Unfolding $w_t$ into a recursion. We don’t want to actually compute $A_1 \cdots A_{t-1}$ as a full matrix. But it’s already in WY form by induction, so we can apply it cheaply:

(A_1 \cdots A_{t-1})\, k_t = (I - W_{<t}^\top Y_{<t})\, k_t = k_t - W_{<t}^\top (Y_{<t}\, k_t).

Each entry of the vector $Y_{<t} k_t$ is just $k_s^\top k_t$ (since $Y$ ‘s rows are the keys), so

W_{<t}^\top (Y_{<t}\, k_t) = \sum_{s<t} (k_s^\top k_t)\, w_s.

Plugging back:

w_t = \beta_t\Bigl(k_t - \sum_{s < t}(k_s^\top k_t)\, w_s\Bigr).

The $k_s^\top k_t$ entries form a $C \times C$ matrix, the chunk’s key-gram $K_r K_r^\top$ . Different matrix from the intra-chunk attention’s $Q_r K_r^\top$ , but the same shape and the same $O(C^2 d_k)$ cost to compute.

Stack the recursion as a triangular system: $T_r \in \mathbb{R}^{C \times C}$ strictly lower triangular with $(T_r)_{ts} = \beta_t (k_s^\top k_t)$ for $s < t$ . Then

(I + T_r)\, W_r = \mathrm{diag}(\beta)\, K_r.

Unit-triangular forward substitution on a $C \times C$ system, applied across the $d_k$ output columns. Cost $O(C^2 d_k)$ , the same order as the intra-chunk attention block. WY is essentially free.

This gives us the chunk’s prefix product in closed form: $A_1 \cdots A_C = I - W_r^\top K_r$ . Applying it to anything is two matrix products against $W_r$ and $K_r$ , never the $d_k \times d_k$ matrix itself.

The twin matrix $U_r$ . That handled the inter-chunk hand-off through $W$ . The chunk also contributes its own writes, $\sum_j \beta_j v_j k_j^\top A_{j+1} \cdots A_C$ , and each $j$ has a different tail product. We can use the same trick: define $U_r \in \mathbb{R}^{C \times d_v}$ with rows

u_t = \beta_t\Bigl(v_t - \sum_{s<t}(k_s^\top k_t)\, u_s\Bigr),

giving the chunk’s write contribution as $U_r^\top K_r$ . Same coefficient matrix as $W_r$ , different right-hand side:

(I + T_r)\, U_r = \mathrm{diag}(\beta)\, V_r.
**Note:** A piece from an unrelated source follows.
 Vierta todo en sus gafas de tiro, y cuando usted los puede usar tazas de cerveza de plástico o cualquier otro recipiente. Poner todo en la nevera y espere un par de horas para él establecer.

Two triangular solves with shared $T_r$ . Each is forward substitution on a $C \times C$ system: row 1 of the output equals row 1 of the right-hand side; row $t$ subtracts off $\sum_{s<t} T_{ts} \cdot (\text{row } s)$ . Sequential in $t$ , parallel across the output columns ( $d_k$ for $W_r$ , $d_v$ for $U_r$ ). For typical $C \le 256$ this is a tiny system, handled by dedicated trsm kernels on GPU.

Final chunk update.

S^{(r+1)} = S^{(r)} - \bigl(S^{(r)} W_r^\top\bigr) K_r + U_r^\top K_r.

Three matmuls of $S$ - or $V$ -shaped objects against $K_r$ , plus the two triangular solves for $W_r$ and $U_r$ . Same asymptotic cost as linear-attention chunkwise; only a constant-factor overhead for the rank-1-perturbation transition.
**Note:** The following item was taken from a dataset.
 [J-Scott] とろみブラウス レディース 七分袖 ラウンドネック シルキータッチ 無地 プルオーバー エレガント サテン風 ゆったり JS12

The chunk’s outputs $O_r$ assemble in two pieces, same as linear attention. The intra-chunk (within-chunk) readout swaps $V_r$ for $U_r$ in §2’s formula:

O_r^{\text{intra}} = \bigl((Q_r K_r^\top) \odot M\bigr)\, U_r.

The inter-chunk readout uses WY in the same way, since each query needs the partial prefix product $A_1 \cdots A_t$ applied before reading from $S^{(r)}$ . Final: $O_r = O_r^{\text{inter}} + O_r^{\text{prev}}$ .

MLP states (TTT, Titans).

WY relies on each $A_t$ being a rank-1 perturbation of identity; products of such factors stay low-rank. For MLP-based memory, $\theta_t = \theta_{t-1} - \beta_t \nabla L(\theta_{t-1})$ has no $A_t$ at all, so there’s no rank-1 perturbation algebra to lean on.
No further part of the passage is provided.